There should be no retries.

\[a]: The Oracle has sent an email report to the uploader,
CC the administrators and the archive list.

\[b]: The Oracle has *not* sent an email report.
(For example, the Oracle's security posture is to avoid processing tags
when the signature doesn't verify or isn't from an authorised signer,
and in that case it doesn't send emails.)
The manager should do so.

#### Temporary failure

```
[state: processing-uncommmitted]
	> message MESSAGE
[a] > email reported
[b] > email unreported
	> retriable
[state: worker-waiting]
```

Something went wrong, but retrying may help.

`email reported` and `email unreported` are as for permanent failure.
The Oracle should send an email to the uploader and say `email reported`
only if the manager sent `job ... last-attempt ...` for this job.
(The Oracle may send an email to the public audit/archive list
in any case, but that doesn't count as `email reported`.)

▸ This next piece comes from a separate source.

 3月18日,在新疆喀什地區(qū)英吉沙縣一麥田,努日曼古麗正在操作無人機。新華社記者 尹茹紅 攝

The Oracle should avoid reporting `retriable` for situations
where a retry will not succeed.  An adequate implementation is
to do all forge accesses first; retry only if forge access fails;
and, to do all other processing after `go-ahead`.
But the Oracle must make an effort to detect permanent forge errors
(repo 404, missing git refs) as discussed in #1112106.

### Conclusion

After sending the outcome,
the Oracle should either close the connection,
or retain it and wait for further jobs.

### Protocol violations, reporting

Either side may send this message, at any time
(except in the middle of data blocks)
if it considers that its peer has violated the protocol:

```
    > protocol-violation MESSAGE
    < protocol-violation MESSAGE
```

The complaining side should then close the connection.

The complained-at side should report the error somewhere,
and will ideally display it in user-facing output
such as status web pages or emails.
It should also then close the connection.

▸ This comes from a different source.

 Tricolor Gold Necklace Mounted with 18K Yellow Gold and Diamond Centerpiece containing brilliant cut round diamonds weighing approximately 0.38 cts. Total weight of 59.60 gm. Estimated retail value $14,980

The complaining side that sends `protocol-violation`
should *also* report or log the error as appropriate.

### Connection failures - handling by Oracle

If the connection is dropped,
or a connection attempt is unsuccessful,
the Oracle should retry with a delay.

### Connection failures - handling by Manager

If the connection fails (or the protocol is violated)
after `go-ahead` and before the outcome,
the job is treated as irrecoverable.

To Manager always does an `ayt` check
immediately before issuing a job,
to minimise the opportunity for jobs to be lost
simply because of a broken connection.

(The rest of the time the Manager doesn't care about connection failure.)

### Error recovery and retrying jobs

Jobs can be retried when:

 * The Manager fails to access the forge in a way that looks retriable
   (eg 500 errors from HTTP).
 * The Oracle disconnects, or reports `retriable`, before `go-ahead`
   (without `job ... last-attempt ...`).

The retry and backoff implementation (including policy configuration)
is the responsibility of the Manager.
The Oracle never performs any retries or backoff itself;
its only responsibilities with regard to this section of the specification
is to report whether a failure is retriable.

The retry schedule is controlled by the `retry`
configuration of `tag2upload-service-manager`.
See the Rustdoc for `tag2upload_service_manager::config::Retry`
for the configuration, and a working through of the implications.